Lumsden married Mary, the daughter of Lieutenant General Thomas N. Harward of the Royal Artillery, in December 1894. They had one daughter, Violet.

Military career
Lumsden joined the Royal Marine Artillery as a junior officer in 1890. He served in the Marine Service until 1907, spending time in the Mediterranean and four years on Ascension Island. He entered the Staff College, qualifying in 1908. He then became the second staff officer at Singapore, and was promoted to the rank of major in 1913.  He returned home for war service in the months leading up to the outbreak of hostilities in August 1914.  He served in France with the Royal Marine howitzer brigade in France until 1915 and was then seconded to serve in staff appointments with the British Army.
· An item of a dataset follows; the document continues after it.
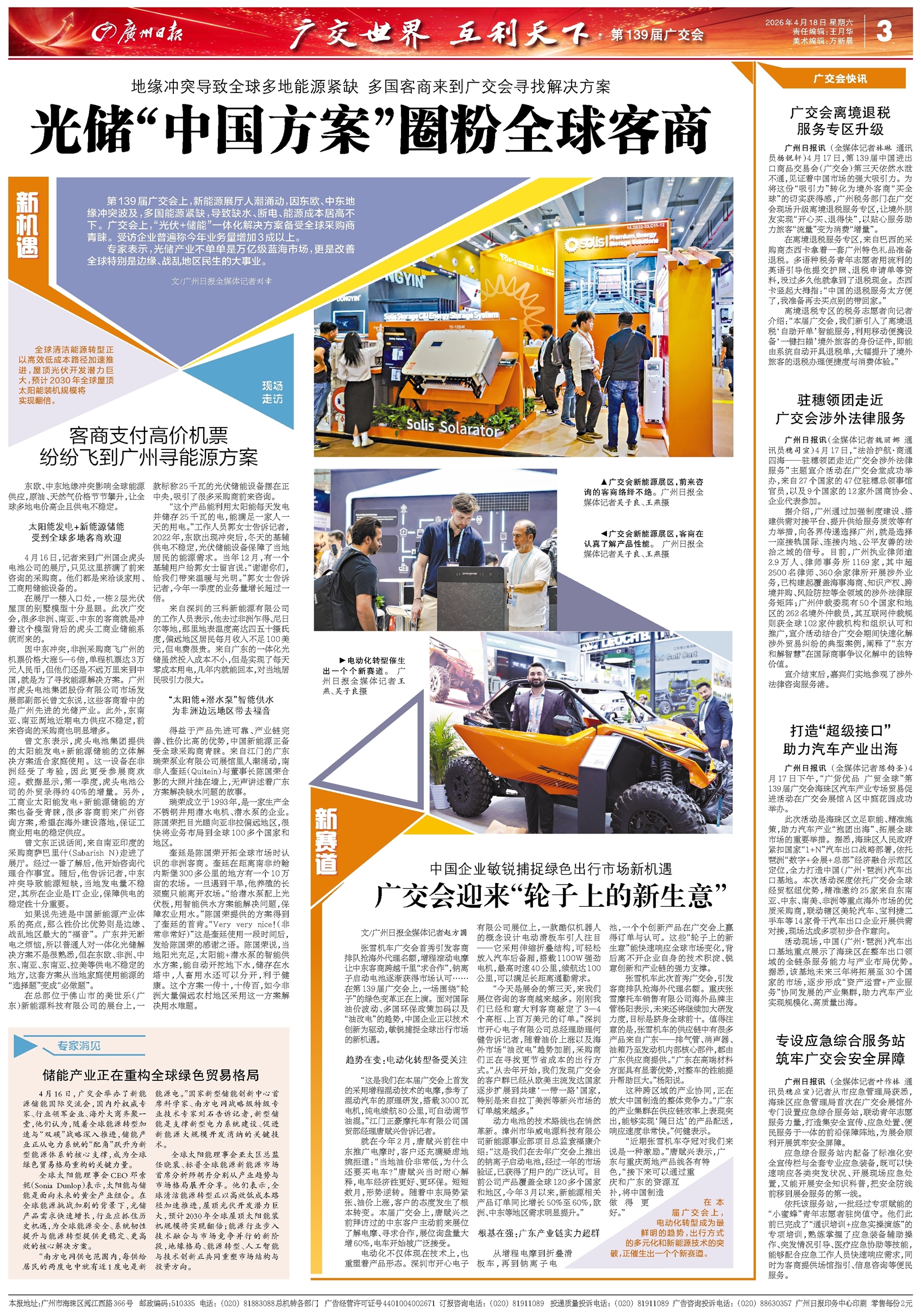 - 广交会迎来“轮子上的新生意” 文/广州日报全媒体记者赵方圆 张雪机车广交会首秀引发客商排队抢海外代理名额,增程滚动电摩让中东客商跨越千里“求合作”,钠离子启动电池逐渐获得市场认可……在第139届广交会上,一场围绕“轮子”的
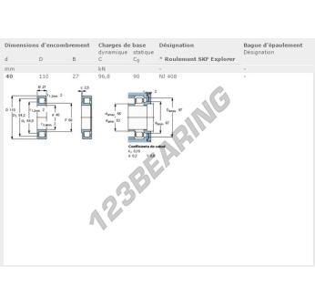 Il Cuscinetto A Rulli, noto come NJ408-SKF SKF, ha un diametro interno di 40 mm, un diametro esterno di 110 mm e uno spessore di 27 mm.

In late 1915 he was attached to the Intelligence Department of First Army Headquarters. He was promoted to the rank of temporary brigadier general to command the 14th Infantry Brigade in April 1917.

Awards and decorations
On 1 January 1917, Major Lumsden was awarded his first Distinguished Service Order "for distinguished service in the field". The first and second Bars to his DSO were gazetted together in May 1917, and he was the first person to receive a third Bar in April 1918.

On 8 June 1917, the awarding of the Victoria Cross to Major Lumsden was approved. This was for actions that took place between 3 and 4 April 1917 in Francilly, France. The citation in the London Gazette reads as follows:

He was appointed as a Companion of the Order of the Bath on 3 June 1918, just a few days before his death. He was also mentioned in despatches on four occasions, and awarded the Belgian Croix de guerre.

Death and remembrance
Lumsden was killed in action in his 46th year at Blairville, near the city of Arras, France, on 4 June 1918: he was shot through the head and died instantly. His body was buried in the Berles New Military Cemetery, Berles-au-Bois, France.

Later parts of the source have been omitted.